Why We Shouldn’t Talk to Our Children All the Time

Show It, Don’t Shout It

Photo by Liana Mikah on Unsplash

I am Chinese, and I came to the UK when I was 16 years old. The first cultural shock I had was “small talk.” People in the UK talk about pointless things to fill the silence in the air.

“How was your drive here?” “What a lovely, sunny day!” “I love your hair!”…The most random question for me was “how are you?” because I soon realized that no one really cares. They say it, but they are not expecting an account of your life event. The only expected answer is, “I am good, thanks, and you?”

15 years later, I still find this the most absurd thing in British culture. Why do people talk so much? I am not saying Chinese people don’t talk.
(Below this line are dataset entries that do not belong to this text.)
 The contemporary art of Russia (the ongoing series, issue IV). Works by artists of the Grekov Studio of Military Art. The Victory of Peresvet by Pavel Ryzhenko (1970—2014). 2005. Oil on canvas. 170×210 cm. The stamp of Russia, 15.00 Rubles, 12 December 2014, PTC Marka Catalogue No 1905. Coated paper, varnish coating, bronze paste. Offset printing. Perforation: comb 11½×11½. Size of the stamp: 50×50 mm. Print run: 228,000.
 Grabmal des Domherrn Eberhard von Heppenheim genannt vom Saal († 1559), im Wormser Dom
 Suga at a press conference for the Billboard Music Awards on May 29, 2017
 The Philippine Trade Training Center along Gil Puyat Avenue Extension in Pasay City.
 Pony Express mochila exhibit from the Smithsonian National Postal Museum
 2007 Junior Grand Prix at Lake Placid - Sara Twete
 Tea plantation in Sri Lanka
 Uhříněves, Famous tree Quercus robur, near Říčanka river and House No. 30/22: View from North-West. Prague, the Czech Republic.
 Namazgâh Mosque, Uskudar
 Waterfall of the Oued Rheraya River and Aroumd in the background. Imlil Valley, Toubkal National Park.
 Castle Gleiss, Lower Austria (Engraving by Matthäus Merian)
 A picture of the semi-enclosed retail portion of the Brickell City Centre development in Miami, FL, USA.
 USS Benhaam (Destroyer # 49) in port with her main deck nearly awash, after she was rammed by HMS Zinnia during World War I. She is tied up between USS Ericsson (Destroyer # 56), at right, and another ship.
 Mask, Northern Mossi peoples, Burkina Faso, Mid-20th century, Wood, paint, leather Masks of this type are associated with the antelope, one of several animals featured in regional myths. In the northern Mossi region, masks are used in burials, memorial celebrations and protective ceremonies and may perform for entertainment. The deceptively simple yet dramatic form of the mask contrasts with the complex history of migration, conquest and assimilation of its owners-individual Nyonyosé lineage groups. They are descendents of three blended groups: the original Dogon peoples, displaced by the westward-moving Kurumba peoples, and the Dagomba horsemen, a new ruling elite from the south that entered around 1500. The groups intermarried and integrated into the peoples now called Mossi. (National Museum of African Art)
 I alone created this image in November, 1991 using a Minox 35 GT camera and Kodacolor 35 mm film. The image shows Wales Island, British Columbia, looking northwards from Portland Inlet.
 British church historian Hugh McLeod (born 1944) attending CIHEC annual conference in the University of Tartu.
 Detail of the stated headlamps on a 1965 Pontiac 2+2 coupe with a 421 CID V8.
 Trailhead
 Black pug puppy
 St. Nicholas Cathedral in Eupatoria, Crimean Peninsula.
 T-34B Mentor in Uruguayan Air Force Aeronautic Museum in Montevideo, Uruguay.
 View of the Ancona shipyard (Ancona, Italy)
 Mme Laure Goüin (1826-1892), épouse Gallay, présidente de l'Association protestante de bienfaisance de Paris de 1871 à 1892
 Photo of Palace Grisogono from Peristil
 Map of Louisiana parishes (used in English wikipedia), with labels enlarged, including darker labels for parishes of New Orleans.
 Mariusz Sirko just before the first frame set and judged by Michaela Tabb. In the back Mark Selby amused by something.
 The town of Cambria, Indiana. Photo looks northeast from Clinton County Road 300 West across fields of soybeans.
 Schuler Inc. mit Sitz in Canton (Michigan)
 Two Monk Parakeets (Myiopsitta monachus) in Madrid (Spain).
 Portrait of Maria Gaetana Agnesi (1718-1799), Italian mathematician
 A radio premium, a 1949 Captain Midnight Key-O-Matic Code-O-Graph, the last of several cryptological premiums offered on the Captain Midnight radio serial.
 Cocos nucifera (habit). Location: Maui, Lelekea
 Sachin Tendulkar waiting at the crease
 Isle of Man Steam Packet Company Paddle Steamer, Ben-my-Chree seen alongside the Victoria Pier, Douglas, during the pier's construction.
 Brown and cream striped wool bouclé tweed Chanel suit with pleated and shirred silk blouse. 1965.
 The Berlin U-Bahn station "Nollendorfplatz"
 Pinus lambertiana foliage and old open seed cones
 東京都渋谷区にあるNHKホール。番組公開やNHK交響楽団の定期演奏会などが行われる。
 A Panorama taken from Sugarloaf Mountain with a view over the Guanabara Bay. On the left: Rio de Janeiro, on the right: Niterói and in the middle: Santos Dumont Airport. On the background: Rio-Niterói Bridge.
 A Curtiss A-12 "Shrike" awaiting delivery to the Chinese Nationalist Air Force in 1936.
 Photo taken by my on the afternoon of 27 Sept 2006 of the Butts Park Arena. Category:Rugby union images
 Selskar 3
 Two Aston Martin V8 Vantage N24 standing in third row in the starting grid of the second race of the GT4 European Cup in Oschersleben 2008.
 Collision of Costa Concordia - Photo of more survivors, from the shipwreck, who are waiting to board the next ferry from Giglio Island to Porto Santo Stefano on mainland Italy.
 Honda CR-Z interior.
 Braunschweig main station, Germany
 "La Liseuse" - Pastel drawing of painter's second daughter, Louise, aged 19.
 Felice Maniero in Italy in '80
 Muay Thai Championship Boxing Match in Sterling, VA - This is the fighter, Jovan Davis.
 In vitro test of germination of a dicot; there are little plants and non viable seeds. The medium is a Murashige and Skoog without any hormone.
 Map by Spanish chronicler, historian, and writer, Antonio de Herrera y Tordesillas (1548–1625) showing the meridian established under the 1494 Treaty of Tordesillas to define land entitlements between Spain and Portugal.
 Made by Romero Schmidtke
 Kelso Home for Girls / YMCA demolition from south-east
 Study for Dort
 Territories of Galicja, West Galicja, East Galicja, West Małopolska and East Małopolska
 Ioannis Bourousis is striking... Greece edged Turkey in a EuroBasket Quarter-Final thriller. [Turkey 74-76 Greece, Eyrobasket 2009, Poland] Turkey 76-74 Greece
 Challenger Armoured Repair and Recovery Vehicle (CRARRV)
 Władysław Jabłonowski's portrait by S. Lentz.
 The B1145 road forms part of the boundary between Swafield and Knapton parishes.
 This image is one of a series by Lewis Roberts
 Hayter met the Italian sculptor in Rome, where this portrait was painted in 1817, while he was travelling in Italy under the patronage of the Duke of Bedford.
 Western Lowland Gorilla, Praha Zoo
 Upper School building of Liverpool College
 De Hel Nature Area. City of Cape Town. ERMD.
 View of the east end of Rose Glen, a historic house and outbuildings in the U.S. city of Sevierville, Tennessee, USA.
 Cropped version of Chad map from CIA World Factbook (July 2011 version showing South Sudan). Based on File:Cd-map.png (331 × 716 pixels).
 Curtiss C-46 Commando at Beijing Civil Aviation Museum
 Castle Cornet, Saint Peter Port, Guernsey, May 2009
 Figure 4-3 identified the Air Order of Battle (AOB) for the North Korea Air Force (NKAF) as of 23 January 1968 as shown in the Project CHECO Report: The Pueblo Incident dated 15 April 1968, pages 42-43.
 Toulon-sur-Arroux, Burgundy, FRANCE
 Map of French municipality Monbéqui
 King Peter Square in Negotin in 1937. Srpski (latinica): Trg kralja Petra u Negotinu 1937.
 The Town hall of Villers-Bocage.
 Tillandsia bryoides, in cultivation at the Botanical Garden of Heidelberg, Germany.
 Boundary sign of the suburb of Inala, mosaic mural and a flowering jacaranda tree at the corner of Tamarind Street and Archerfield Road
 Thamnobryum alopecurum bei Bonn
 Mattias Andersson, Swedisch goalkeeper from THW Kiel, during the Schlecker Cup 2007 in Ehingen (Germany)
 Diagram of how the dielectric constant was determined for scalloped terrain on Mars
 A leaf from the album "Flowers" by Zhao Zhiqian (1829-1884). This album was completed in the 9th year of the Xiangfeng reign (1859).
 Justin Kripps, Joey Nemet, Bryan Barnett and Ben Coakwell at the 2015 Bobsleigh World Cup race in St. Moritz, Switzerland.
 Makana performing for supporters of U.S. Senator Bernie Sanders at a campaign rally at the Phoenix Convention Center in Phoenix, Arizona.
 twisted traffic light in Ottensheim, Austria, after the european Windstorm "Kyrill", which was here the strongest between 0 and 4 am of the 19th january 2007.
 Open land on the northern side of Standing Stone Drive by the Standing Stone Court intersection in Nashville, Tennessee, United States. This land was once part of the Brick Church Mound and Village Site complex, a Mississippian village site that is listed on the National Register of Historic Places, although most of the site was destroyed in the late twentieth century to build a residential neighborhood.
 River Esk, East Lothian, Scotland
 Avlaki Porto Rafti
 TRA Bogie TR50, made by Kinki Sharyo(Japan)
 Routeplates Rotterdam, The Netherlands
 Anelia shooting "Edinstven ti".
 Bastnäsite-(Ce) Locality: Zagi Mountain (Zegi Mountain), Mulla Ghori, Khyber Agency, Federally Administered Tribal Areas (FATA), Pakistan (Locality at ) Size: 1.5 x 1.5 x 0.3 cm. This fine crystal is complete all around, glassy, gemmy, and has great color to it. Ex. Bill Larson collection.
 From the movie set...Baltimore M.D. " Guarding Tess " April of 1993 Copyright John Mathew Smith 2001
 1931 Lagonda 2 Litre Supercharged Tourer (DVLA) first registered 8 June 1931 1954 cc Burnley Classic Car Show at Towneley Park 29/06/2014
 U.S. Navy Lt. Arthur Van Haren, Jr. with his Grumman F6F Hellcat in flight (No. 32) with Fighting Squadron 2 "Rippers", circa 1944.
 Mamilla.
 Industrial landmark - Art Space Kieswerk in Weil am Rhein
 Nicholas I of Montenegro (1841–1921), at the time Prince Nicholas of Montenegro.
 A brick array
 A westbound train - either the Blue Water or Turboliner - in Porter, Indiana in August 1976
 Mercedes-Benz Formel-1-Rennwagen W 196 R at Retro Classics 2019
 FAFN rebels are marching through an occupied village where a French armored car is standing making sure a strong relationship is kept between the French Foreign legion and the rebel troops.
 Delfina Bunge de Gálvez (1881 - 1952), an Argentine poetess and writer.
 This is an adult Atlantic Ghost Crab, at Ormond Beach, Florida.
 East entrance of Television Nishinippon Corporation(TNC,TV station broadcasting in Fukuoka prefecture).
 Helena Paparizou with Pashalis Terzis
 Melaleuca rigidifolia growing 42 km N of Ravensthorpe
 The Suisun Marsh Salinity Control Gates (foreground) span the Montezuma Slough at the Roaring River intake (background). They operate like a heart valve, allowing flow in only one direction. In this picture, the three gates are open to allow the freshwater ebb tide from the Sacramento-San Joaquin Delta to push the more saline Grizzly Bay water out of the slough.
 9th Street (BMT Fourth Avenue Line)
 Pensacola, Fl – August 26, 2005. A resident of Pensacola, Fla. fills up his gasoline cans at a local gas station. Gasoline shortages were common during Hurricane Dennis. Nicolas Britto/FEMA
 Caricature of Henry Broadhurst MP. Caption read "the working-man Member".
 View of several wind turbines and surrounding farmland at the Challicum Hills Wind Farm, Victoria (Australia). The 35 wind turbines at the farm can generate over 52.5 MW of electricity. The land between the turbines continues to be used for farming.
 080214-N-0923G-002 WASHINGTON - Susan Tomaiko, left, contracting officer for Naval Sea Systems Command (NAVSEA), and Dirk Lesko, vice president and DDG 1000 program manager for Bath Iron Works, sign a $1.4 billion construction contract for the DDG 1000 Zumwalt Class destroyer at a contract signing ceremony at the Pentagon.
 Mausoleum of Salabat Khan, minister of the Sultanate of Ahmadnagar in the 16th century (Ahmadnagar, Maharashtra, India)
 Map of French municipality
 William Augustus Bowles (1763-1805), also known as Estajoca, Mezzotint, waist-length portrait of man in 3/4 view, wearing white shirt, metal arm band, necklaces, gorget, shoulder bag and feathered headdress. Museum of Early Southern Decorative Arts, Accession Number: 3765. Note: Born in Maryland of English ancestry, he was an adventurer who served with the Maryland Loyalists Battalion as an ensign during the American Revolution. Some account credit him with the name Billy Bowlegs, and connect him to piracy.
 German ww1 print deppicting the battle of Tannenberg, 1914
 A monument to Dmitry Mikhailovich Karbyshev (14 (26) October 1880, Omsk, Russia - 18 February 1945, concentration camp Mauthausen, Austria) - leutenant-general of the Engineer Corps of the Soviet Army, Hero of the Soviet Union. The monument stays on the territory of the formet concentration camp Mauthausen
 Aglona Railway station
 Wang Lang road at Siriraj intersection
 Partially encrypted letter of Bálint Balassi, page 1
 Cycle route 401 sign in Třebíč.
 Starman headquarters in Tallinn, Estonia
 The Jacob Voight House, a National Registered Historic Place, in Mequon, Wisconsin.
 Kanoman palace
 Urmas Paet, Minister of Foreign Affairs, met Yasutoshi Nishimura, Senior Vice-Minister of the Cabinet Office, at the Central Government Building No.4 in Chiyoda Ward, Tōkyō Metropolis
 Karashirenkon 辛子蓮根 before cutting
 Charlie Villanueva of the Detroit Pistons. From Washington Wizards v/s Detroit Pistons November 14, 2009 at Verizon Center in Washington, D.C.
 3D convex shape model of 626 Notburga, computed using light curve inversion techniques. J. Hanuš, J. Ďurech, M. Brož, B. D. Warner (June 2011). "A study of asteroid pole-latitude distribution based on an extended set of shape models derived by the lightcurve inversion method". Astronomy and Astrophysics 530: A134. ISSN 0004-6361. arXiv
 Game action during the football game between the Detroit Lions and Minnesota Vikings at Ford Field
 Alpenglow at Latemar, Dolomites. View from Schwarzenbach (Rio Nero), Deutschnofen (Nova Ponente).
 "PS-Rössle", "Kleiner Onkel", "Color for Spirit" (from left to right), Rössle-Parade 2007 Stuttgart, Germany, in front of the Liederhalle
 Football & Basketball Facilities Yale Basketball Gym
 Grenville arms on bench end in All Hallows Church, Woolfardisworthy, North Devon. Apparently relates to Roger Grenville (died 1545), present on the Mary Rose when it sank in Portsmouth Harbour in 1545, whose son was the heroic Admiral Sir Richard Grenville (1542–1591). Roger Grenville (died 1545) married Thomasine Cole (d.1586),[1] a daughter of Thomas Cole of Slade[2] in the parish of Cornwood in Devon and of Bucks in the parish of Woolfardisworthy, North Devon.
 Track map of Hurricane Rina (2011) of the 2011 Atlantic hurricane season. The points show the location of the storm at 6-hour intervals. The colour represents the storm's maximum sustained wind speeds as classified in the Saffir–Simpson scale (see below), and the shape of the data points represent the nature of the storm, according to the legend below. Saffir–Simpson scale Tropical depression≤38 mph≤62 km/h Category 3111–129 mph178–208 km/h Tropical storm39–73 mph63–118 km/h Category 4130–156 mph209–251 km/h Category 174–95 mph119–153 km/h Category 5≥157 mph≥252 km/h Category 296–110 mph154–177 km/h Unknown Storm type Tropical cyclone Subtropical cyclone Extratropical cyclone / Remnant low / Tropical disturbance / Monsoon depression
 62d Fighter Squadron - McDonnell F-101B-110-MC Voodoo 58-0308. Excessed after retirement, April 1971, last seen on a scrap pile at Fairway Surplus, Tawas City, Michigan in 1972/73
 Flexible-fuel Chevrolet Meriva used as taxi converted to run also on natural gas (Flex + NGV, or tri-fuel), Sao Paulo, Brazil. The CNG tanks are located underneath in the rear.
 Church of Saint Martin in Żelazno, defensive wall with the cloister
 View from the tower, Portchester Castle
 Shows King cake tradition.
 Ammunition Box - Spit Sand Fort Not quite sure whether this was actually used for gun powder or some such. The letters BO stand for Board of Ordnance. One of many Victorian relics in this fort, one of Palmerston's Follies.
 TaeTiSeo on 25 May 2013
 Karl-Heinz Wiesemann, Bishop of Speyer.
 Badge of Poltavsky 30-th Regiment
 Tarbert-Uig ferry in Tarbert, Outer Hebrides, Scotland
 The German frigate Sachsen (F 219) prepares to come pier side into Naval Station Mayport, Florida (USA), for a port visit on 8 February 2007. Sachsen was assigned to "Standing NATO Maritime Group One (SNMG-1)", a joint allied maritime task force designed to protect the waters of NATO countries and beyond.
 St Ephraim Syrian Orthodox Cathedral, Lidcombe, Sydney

People are accustomed to talking so much, especially in the west. Mindless things, serious things, funny things. Children are taught to ask for something with the magical word ‘please’ a healthy relationship is based on talking and analysing feelings.

It’s a good thing, but maybe not immediately. This article is specifically for children before the age of 7. Here’s why and what we can do about it instead.

Speaking activates the thinking mind

Speaking about something includes transferring an abstract concept in the head to formulate words, as opposed to doing it directly.

Say when a child falls, and it hurts, rather than crying and screaming, they will start thinking how can they express this feeling verbally, and say “it hurts.”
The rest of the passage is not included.